In the original set of replications, 0. Figure 3 shows rare non-convergence in high-quality indicator conditions. Figure 3.

Mean proportion of non-converged replications by sample size, number of indicators, and covariate effect size for high and low quality indicators. The frequency of boundary parameter estimates was assessed by calculating the proportion of boundary parameter estimates per total number of independent CRP parameters in each condition. Figure 4. Mean percent of boundary parameter estimates by sample size, number of indicators, indicator quality, and covariate effect size.

- Latent class regression on latent factors.?
- Latent Class Analysis | Mplus Data Analysis Examples?
- Latent Class Analysis and Mixture Models - Q;
- It Cant Happen Here.
- Advanced Wireless Communications: 4G Cognitive and Cooperative Broadband Technology;
- Principal Components Analysis.
- Login using.
- What Is Latent Class Analysis?.

These 3-way interactions were such that increasing one factor reduced the impact of other 2-way interactions. These effects did not appear in the 3-class conditions. With few indicators 4 or 5 , the high quality conditions had more boundary parameter estimates than the low quality conditions. However, except for the 4- and 5-indicator conditions, prevalence of boundary estimates was very similar among low and high quality conditions.

Similar effect sizes were found for Class 2 and Class 3 bias. Figure 5. Mean class proportion relative bias by indicator quality, number of indicators, and sample size. CRP bias was calculated including boundary parameter estimates, because in practice, researchers would also typically interpret boundary estimates for an otherwise proper solution.

It was important to know whether including boundary parameters led to bias. In addition, in some replications with few indicators, all low probability CRPs 0. Note that relative bias was calculated as the absolute value of the difference between the mean parameter estimate and the population value of the parameter, then divided by the population value. Even if the raw difference is the same for two parameters, the relative bias for the parameter with a smaller population value would be higher.

The higher relative bias for low CRPs and for smaller class proportions was due at least in part to this mathematical property, which made the results in Figure 7 look more extreme. Figure 6. Mean high conditional response probability relative bias by number of indicators, indicator quality, covariate effect size, and sample size.

Figure 7. Mean low conditional response probability relative bias by number of indicators, indicator quality, covariate effect size, and sample size. Covariate parameter estimate bias was large when the covariate effect, indicator quality, and sample size were small. Figure 8. Mean covariate relative bias by indicator quality, covariate effect size, and sample size.

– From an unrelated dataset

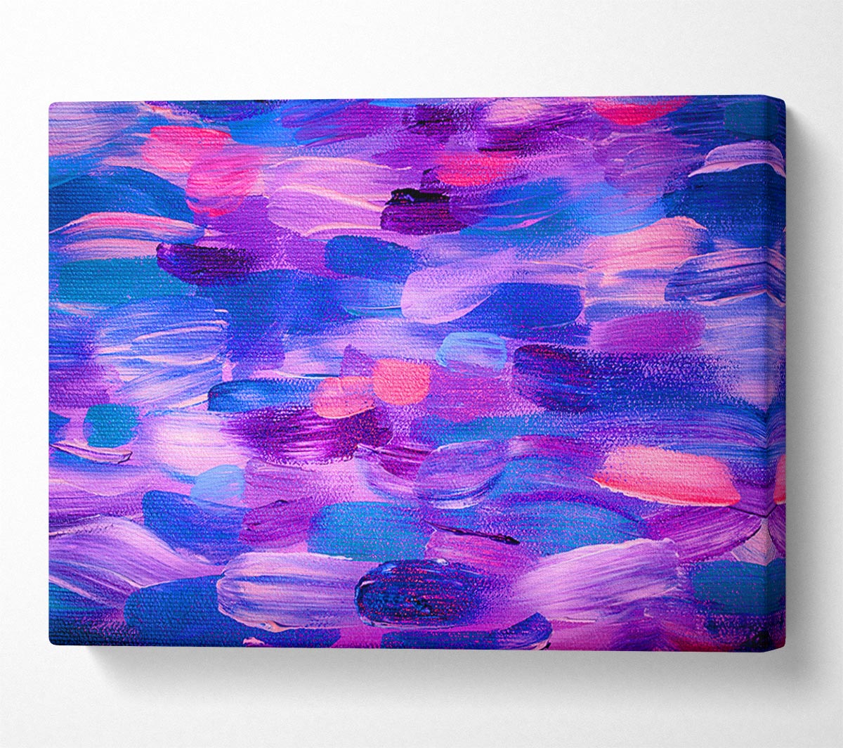 Purple And Lilac Brush Strokes Canvas Print handmade in the UK. Stretched over a 2 inch thick wooden box frame, ready to hang on your wall.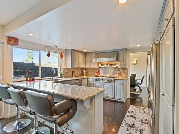 NEW IMPROVED PRICE POINT! The home was completely overhauled & features high end finishings. New outside paint as of 2019, newer dual pane windows, remodeled kitchen w/stainless steel appliances, a Viking gas cooktop w/grill, granite counter-tops a large island that opens to the family room. The family room has custom built-ins & a fireplace. All the bathrooms have been remodeled w/granite, remodeled vanities, upgraded showers/baths & new paint. The BEST part is a full bedroom downstairs w/a 3/4 bath directly next to it. Upstairs are 4 spacious bedrooms 1 of which added a kitchenette, complete w/cabinets, sink, breakfast bar & room for a refrigerator! There is a walk in closet too! There is a large open landing at the top of the stairs w/central bathroom dual sinks & a master suite. The master is absolutely HUGE & features two sliding glass doors w/plantation shutters that allow the SOUTHERN breeze to flow into the home. The master has custom California Closet systems, custom wood dual entry doors, custom wood & glass entry doors to the bath. The master bath is exceptional w/a walk-in shower, jacuzzi tub, custom vanity & stone flooring. The home is on a large lot w/R.V. access approx. 45 Ft deep w/dual gates, cement pad & access to the garage. There is a brick fire pit, raised patio w/artificial turf, swimming pool & spa (both recently re-finished) & another side yard used as a batting cage!

## Multi-group Latent Class Analysis and Latent Class Regression - Statalist

With LCA becoming increasingly popular across diverse fields within the social sciences, it is important for researchers to know which factors influence the quality of estimation when using this method. To our knowledge, this study is the first to study more systematically these factors and their interplay in LCA under a large set of conditions. Below, we summarize our main findings and explain which factors improve LCA performance. Many applied researchers face limitations in terms of the size of the samples that they can gather, so it is important to understand which factors can be beneficial when a sample size of as recommended by Finch and Bronk may simply not be available.

We found support for the hypothesis that using more and high quality indicators or a covariate that is strongly related to class membership can alleviate some of the problems frequently found with small sample sizes. Nonetheless, there was a relatively clear limit for the minimum sample size. Sample size itself showed a small impact in decreasing non-convergence, and a moderate impact on decreasing boundary parameter estimates, as well as class proportion, low CRP, and covariate effect bias. Sample size interacted with indicator quality such that as sample size increased, the negative impact of CRPs of 0.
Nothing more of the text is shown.